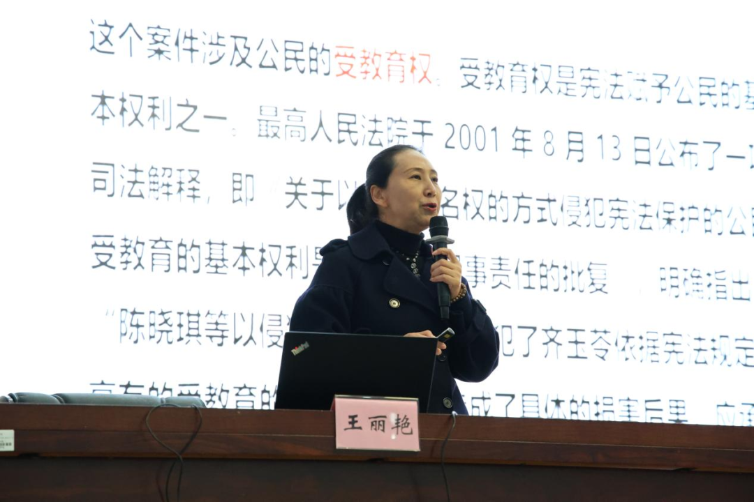 为深入推进法治校园建设,引导广大学生做到“学法、知法、守法、用法”,4日下午,继续教育学院联合教场北路社区邀请法律专家王丽艳律师开展《宪法知识讲座》及《大学生就业与劳动保障法律知识培训》。
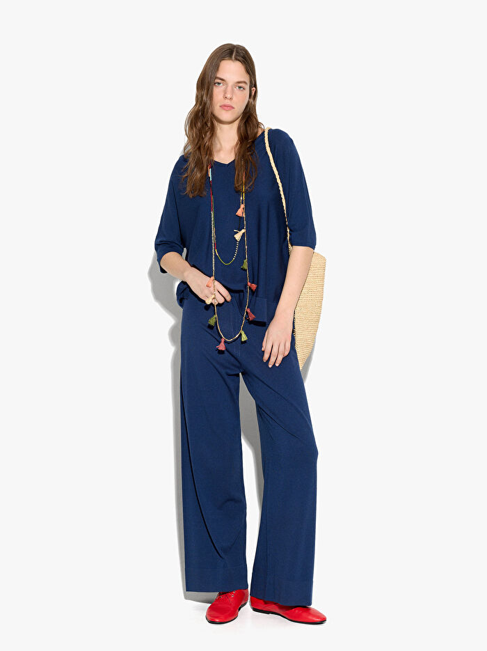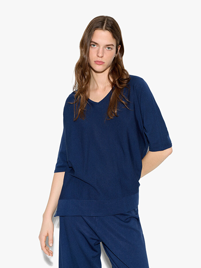 Akan örgüde düşük kısa kollu kazak. V yaka. Alt yan yırtmaçlar. Model 1.75 m boyunda ve XS-S beden giymektedir.
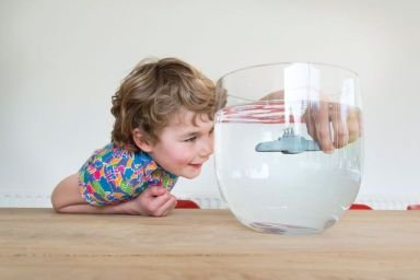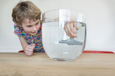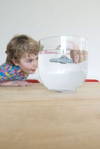 Vezi cum se scufunda submarinul si reapare la suprafata cu ajutorul prafului de copt. Este uimitor! Umpleti rezervorul submarinului cu praf de copt (neinclus) si urmariti cum acesta va continua sa se scufunde in adancuri si sa urce apoi la suprafata. Acesta jucarie, inventata cu circa 70 ani in urma, poate fi folosita si ca un experiment de chimie in fata unei clase de elevi curiosi. Important: folositi exclusiv praf de copt, nu bicarbonat de sodiu. Varsta 5 ani+ Dimensiune pachet: 13cm x 19.5cm x 2.4cm

» PROBLEM:
Exactly as they stand, write the lines from the one holding "Akan örgüde düşük" to the end of the material, both ends included. Do not copy the pictures.

» TASK SOLUTION:
 Akan örgüde düşük kısa kollu kazak. V yaka. Alt yan yırtmaçlar. Model 1.75 m boyunda ve XS-S beden giymektedir.
 Vezi cum se scufunda submarinul si reapare la suprafata cu ajutorul prafului de copt. Este uimitor! Umpleti rezervorul submarinului cu praf de copt (neinclus) si urmariti cum acesta va continua sa se scufunde in adancuri si sa urce apoi la suprafata. Acesta jucarie, inventata cu circa 70 ani in urma, poate fi folosita si ca un experiment de chimie in fata unei clase de elevi curiosi. Important: folositi exclusiv praf de copt, nu bicarbonat de sodiu. Varsta 5 ani+ Dimensiune pachet: 13cm x 19.5cm x 2.4cm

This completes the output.